German pharmaceutical and agriculture company Bayer is on track to adjusting its pension schemes for employees as per its 2025 plan, according to Claudia Picker, head of local experts HR Germany.

The company plans to decouple the basic pension provided by the Rheinische Pensionskasse and the direct promise (Direktzusage) arrangement, allowing for the contributions formula to be more flexible, and favouring a smooth transition from the old to the new system, according to a presentation delivered by Picker at the WTW Pensionskassentag event that took place last week in Frankfurt.

Bayer wants to make occupational pensions financially more attractive, flexible and simple to understand for employees, expecting them to have a positive impact on the company’s balance sheet, according to the presentation.

Employees should have the opportunity to switch to the new system, while negotiations with employee representatives are ongoing, it added.

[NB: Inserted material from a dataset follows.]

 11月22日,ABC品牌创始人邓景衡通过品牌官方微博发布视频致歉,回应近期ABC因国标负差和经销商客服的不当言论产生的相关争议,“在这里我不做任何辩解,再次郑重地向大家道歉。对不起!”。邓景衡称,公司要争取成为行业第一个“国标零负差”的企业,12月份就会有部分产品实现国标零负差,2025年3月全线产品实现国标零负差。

In 2004, Bayer established the Rheinische Pensionskasse, closing down the Bayer Pensionskasse to new members.

The Bayer Pensionskasse has assets under management totaling €9.45bn, with income from contributions reaching €126.7m, and expenses for pension payouts of €364.4m. It caters for over 34,000 members and 57,454 pension recipients, with pension beneficiaries from approximately 180 companies.

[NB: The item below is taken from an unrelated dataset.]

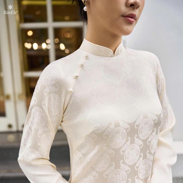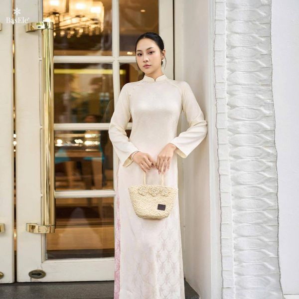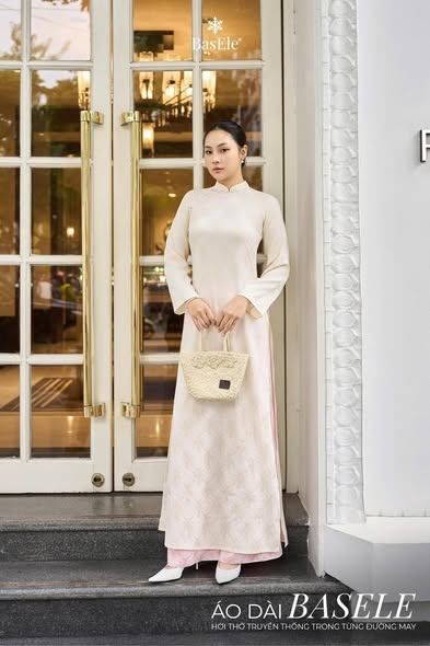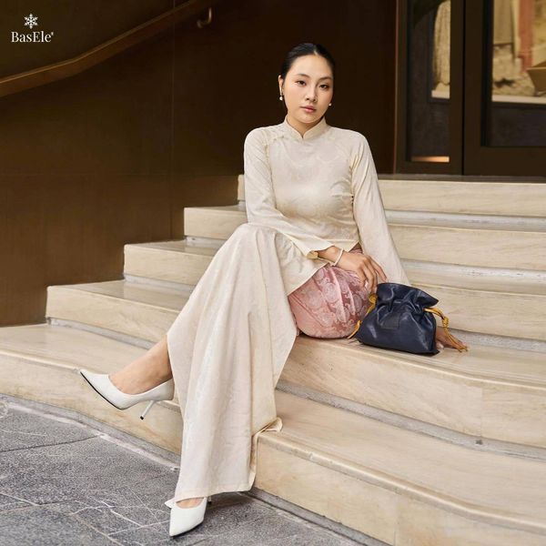 Nền gấm cùng họa tiết thọ dơi được dệt tinh xảo - biểu tượng của phúc lành và may mắn, mang đến chiều sâu văn hóa và sự thanh lịch trong từng chi tiết. BasEle đã khéo léo hòa trộn giữa be dịu dàng và hồng pastel trong bộ áo dài, tạo nên sắc độ mềm mại, tinh tế, giúp tổng thể trang phục thêm phần ngọt ngào và cuốn hút.

The Rheinische Pensionskasse is smaller, with total assets worth just over €1bn, with €84.7m of income from contributions, and pension payout expenses totalling €4.4m. It caters for 52,989 members and 4,697 pension recipients, with pension beneficiaries for approximately 145 companies.

BayerPlus, the plan opened to members, is a combination of the Pensionskasse and direct promise, or supplementary pension. The Rheinische Pensionskasse provides a basic pension matching member contributions.

The supplementary pension results from the direct promise (Direktzusage) arrangement, a mix of deferred compensation, and mandatory contribution from the employer.

Bayer employees don’t seem to be convinced about the social partner model, the pure defined contribution (DC) system that would free employers from liabilities, opening up to new investment opportunities.

Bayer, instead, is looking for new ways to design occupational pensions under the existing framework, re-examining the relationship between its Pensionskasse and its direct promises (Direktzusage).